How to predict creditworthiness through personality tests
Haniza became involved in psychometrics and finance in 2015 when she realised that psychometric data was being used as a predictor for creditworthiness in other countries. She has a PhD in measurement and quantitative methods, and worked as a psychometrician in the US for more than 10 years.
She founded Malaysia’s first psychometric lab at MIMOS Bhd in 2009 and started the Malaysian Psychometrics Association in 2011. Haniza developed a model for assessing individual integrity in workplaces and eventually, began extending that research to creditworthiness assessments for businesses.
For six years, she studied the repayment behaviour of banks’ enterprise customers to develop a model that can link the entrepreneurs’ personalities to creditworthiness.
According to Haniza, GFI’s model can now predict with more than 90% accuracy whether a business will default on a loan.
The use of psychometric tests for data scoring is also something that the World Bank has studied. According to its case study on a bank in Peru, psychometric credit scoring appeared to be a viable screening method for loan applicants without credit history. The applicants are more likely to obtain loans but do not have worse repayment behaviour.
While GFI started out by focusing on business financing, it has also expanded to serve retail customers. “We are now at an early stage of partnering with an insurance company to use GFI for fraud detection,” she says.
GFI assesses potential borrowers from three perspectives. The first is compliance, which looks at the individual’s integrity. Secondly, for business loans, it looks at traits like grit and perseverance of the entrepreneur. Thirdly, it looks at an individual’s personality in relation to spending habits, savings and self-discipline. In addition, GFI also tests the individual’s financial literacy.
The test takes less than seven minutes to complete and can be done in front of the loan officer or remotely, in which case a type of facial recognition technology will be used to verify the identity of the applicant. Hundreds of data points will be collected from the assessment.
“We don’t just look at the answers that they give but we also look at the thought process [behind it]. We designed the questions in such a way that it will tell us how [these persons make] their decisions and the way they answer questions. We use machine learning to detect the patterns of answering.
“[Based on the test results] we have identified the behavioural patterns of people who won’t miss any payments and that of those who miss payments for a few months but may get back on the payment schedule after a few months. We provide a very detailed report of each potential borrower, which describes the person’s characteristics.” says Haniza.

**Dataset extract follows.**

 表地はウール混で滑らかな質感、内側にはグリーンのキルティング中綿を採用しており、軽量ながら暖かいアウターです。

For example, the time applicants take to respond to the questions is analysed to determine if he or she had read the questions properly before answering. This reveals certain behavioural characteristics of an individual.

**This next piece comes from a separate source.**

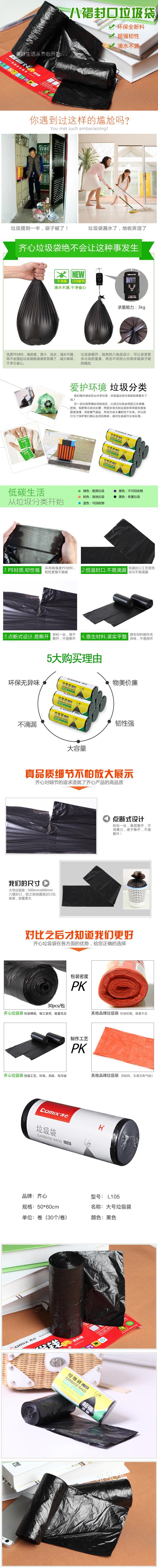 商品名称:齐心 L105 大号垃圾袋 50*60cm 黑色 30个/卷 单位:卷

Earlier this year, GFI also started collecting smartphone metadata in collaboration with a telecommunications company. It will collect information such as the type of apps in the phone, and how quickly one responds to messages or missed calls. This project is currently at the research stage.
“Two commercial banks and a P2P lender in Malaysia are already using GFI. We are currently working with another three commercial banks and a retail lender to integrate GFI into their business processes. We plan to keep expanding our customer base and enhance our technology. We are also exploring partnerships to expand to regional markets and beyond,” says Haniza.